Here the job is to retype the data word for word while leaving the pictures aside.

> _Exercise data_:
"""

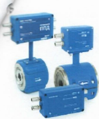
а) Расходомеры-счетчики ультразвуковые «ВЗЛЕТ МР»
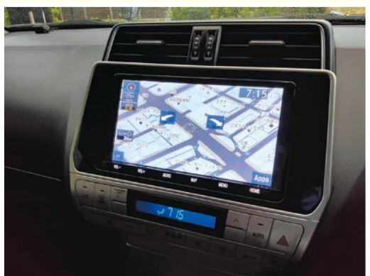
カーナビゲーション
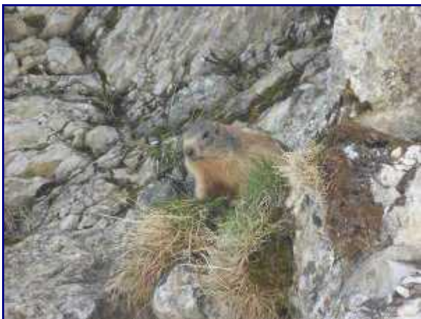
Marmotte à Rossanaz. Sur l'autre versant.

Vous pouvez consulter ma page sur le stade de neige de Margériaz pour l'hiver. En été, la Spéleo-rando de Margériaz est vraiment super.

"""

> _Answer area_:
а) Расходомеры-счетчики ультразвуковые «ВЗЛЕТ МР»
カーナビゲーション
Marmotte à Rossanaz. Sur l'autre versant.

Vous pouvez consulter ma page sur le stade de neige de Margériaz pour l'hiver. En été, la Spéleo-rando de Margériaz est vraiment super.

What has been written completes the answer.